PostPosted: Fri Dec 26, 2008 10:26 pm
by iim_2010
A retail option trader in India has to suffer from relatively high trading costs, security transaction taxes and high margin requirements. A short position in Nifty requires a margin of approx. Rs. 20,000, and a single trade sets you back by Rs. 150 on taxes. Therefore, traders prefer a strategy that lets their position expire, over the one that relies on temporary sharp moves and requires closure of the position. They prefer something steady and 'low risk' (note the quotes).

Nifty is at ~ 2850 as I write this.

If you don't have much investment in stocks, and feel that market will not go down much, use Short Put strategy - ... ption.html Selling Nifty Jan 2500 Put will give you Rs. 46.95 (~ Rs. 2300, lot size is 50) ... ?key=NIFTY In return, you are exposing yourself to the risk of compensating the other person by 50 X (2500 - NiftyValue), which means that if nifty closes at 2400 anytime before expiry (29th Jan 09) - you have to pay back Rs. 5000 ( 50 X {2500 - 2400} ) If nifty stays above 2500, you can keep the premium - Rs. 2300. This has a good probability as falling to 2500 represents 12% fall in a month, which is unlikely although can't be completely ruled out.

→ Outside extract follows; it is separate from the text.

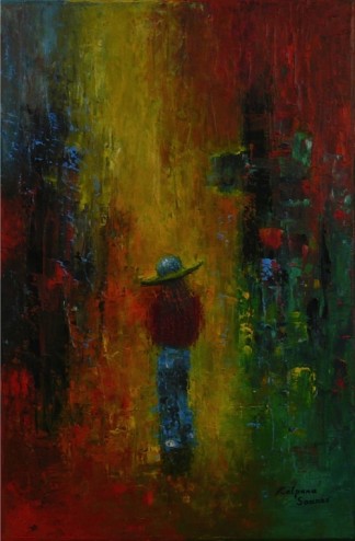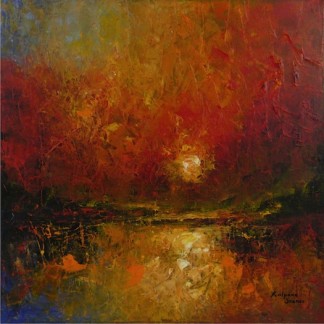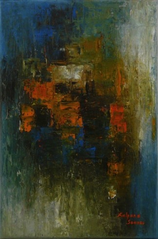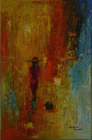 Kalpana Soanes spent her childhood sketching pictures in the sand on the shores of East Africa. However, this simple existence was short-lived. Her flamboyant style had begun to draw crowds. Naturally, she took commissions. Not for money, just cake, or simply, compliments. She developed her skills every single day, experimented with new techniques and frequently sketched pictures in public. Spurred on by the interest it generated, Kalpana started selling her artwork at a very young age. She liaised with local businesses and soon her work was scattered all over the world. Next, she enjoyed an exciting career in Information Technology, worked and lived in different countries in Europe and abroad for several years. However, something was not right. She missed the good old days. Eventually, her inner artist broke free of corporate serfdom. Now based in a quaint British village, Kalpana is a full-time artist. Her work involves acrylics and oils on canvas, often accentuated with mixed media. Kalpana is self-taught.

If you have large investment in stocks, and feel that the market will not go up by much, use covered call strategy - ... -call.html Selling Nifty Jan 3200 Call will give you Rs. 34 (~ Rs. 1700) If market stays below 3200 you can keep the Rs. 1700, but if it reaches 3300 - goes above that strike price by 100 - you loose 50 X 100 = Rs. 5000 However, you will have made a good profit on the stocks you hold.. a pretty good assumption if you hold good stocks.

There are many other strategies that you can try depending on what your view is. Sadly, there's no strategy where you can always make money without risk!